Goodwood is a front-runner's track for a couple of reasons. Firstly, when horses get to the turn into the straight, they tend to fan wide, giving up ground, just at the moment the pacemaking railer is stealing a length or two. Secondly, horses held up for a later run often get caught in a pocket, with the far rail of the home straight cambering away from the grandstands.

Indeed, only two horses with an actual draw (i.e. number of stalls from the rail, after accounting for non-runners) higher than 13 in a mile handicap has managed to win at Goodwood since 2009. 115 have tried. [Laa Rayb, the 2009 Totesport Mile winner, had an advertised draw of 15, but in fact broke 13 from the rail due to two non-runners inside him; it was Inside Story, from stall 16 of 16, who overcame the near impossible two months prior to Laa Rayb's more famous, but marginally less challenging, exploits].

The place to be, to a lesser or greater degree, is low and front rank, from seven furlongs to a mile.

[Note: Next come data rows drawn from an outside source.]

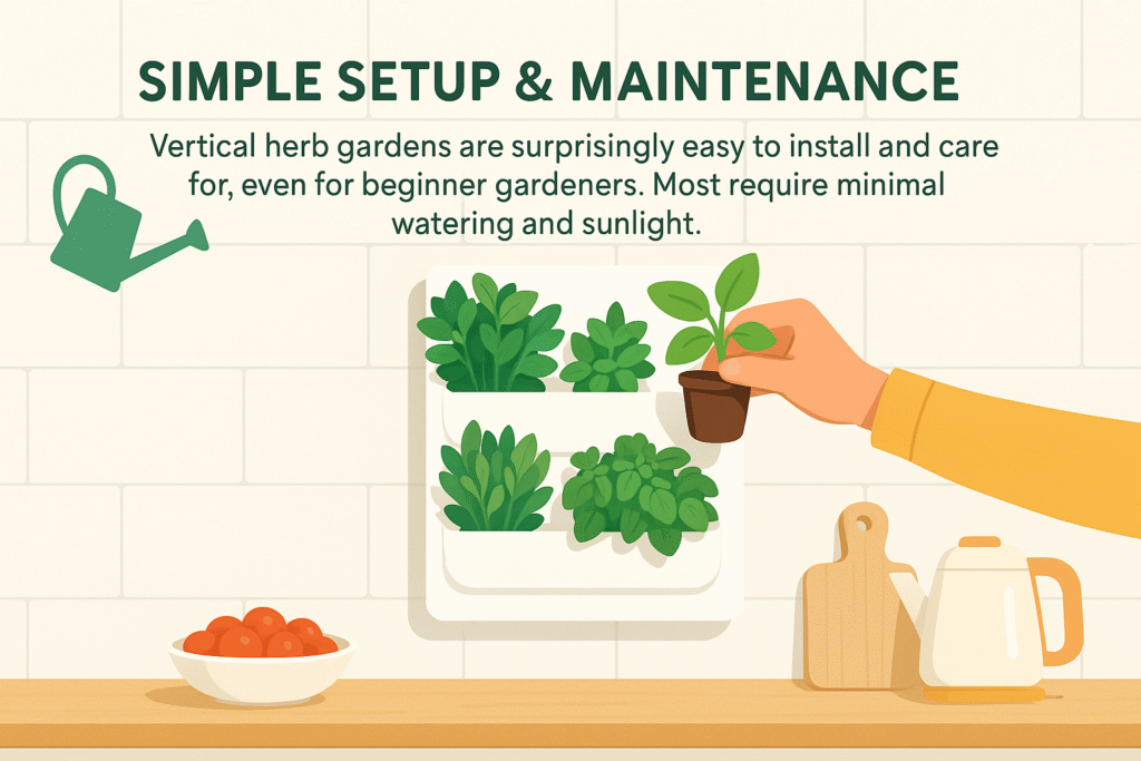 Worried you don’t have a green thumb? This final section reassures you that vertical kitchen herb gardens are surprisingly easy to set up and maintain. Our infographic conveys the simplicity of these systems, making them accessible even for gardening novices. Most vertical gardens require minimal watering and can thrive with adequate sunlight or a simple grow light. It’s an effortless way to introduce more freshness into your home without a lot of fuss.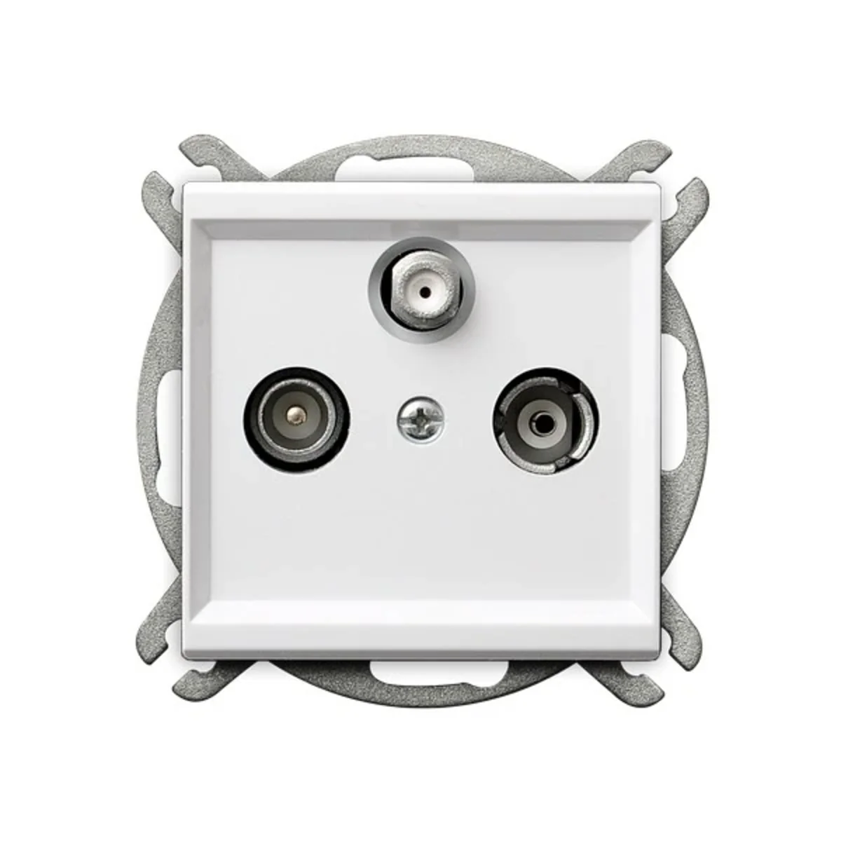 RTV-SAT end socket. It is designed for parallel installation with an independent antenna cable running to each receiver. To be equipped with a frame.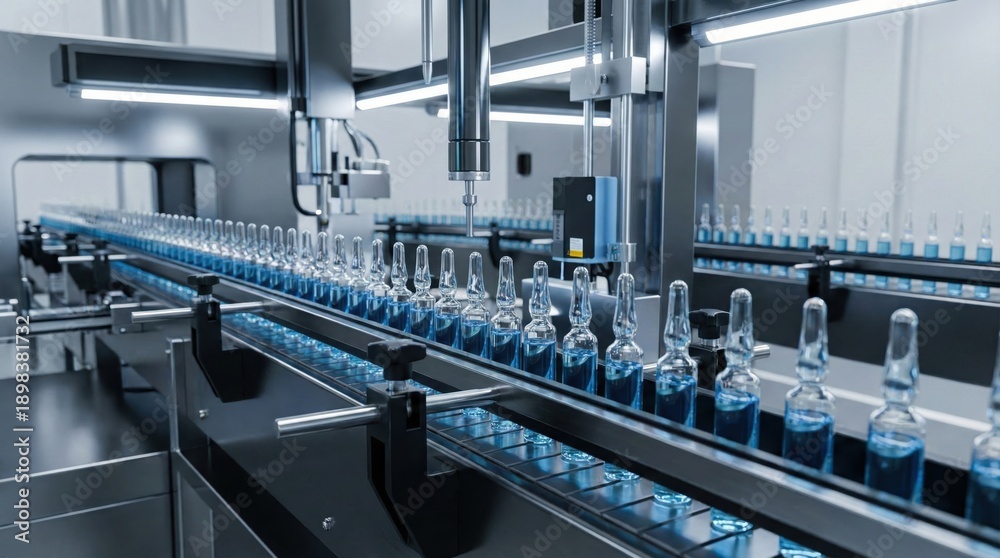 Automated pharmaceutical production line filling glass ampoules with blue liquid,high-tech sterile factory process for medical manufacturing #1898381732

And yet... over nine furlongs, the bias shifts to high drawn horses who are waited with.

Wait. What?! How can the whole draw/pace bias be shifted on its head?

A theory, and only that, is that at this rarely raced intermediate distance - neither a mile nor a mile and a quarter - that starts with a stiff uphill climb, milers race too freely and run out of juice while ten furlong horses get outpaced before staying on late. As convoluted as it sounds, it may just be credible!

In handicaps over ten furlongs, in fields of 14+ runners (the race type and field size used for all of the above commentary), there seems little to no bias. Here they travel uphill for slightly longer, then take the outer loop - with its sharp top bend - before freewheeling down five furlongs or so of home straight. There is more time for jockeys to manouevre their horses to where they want them, and it seems a fairer track.

Most of the rain forecast has now been deposited and the going remains good, good to firm in places, so the draw data above ought to largely hold up...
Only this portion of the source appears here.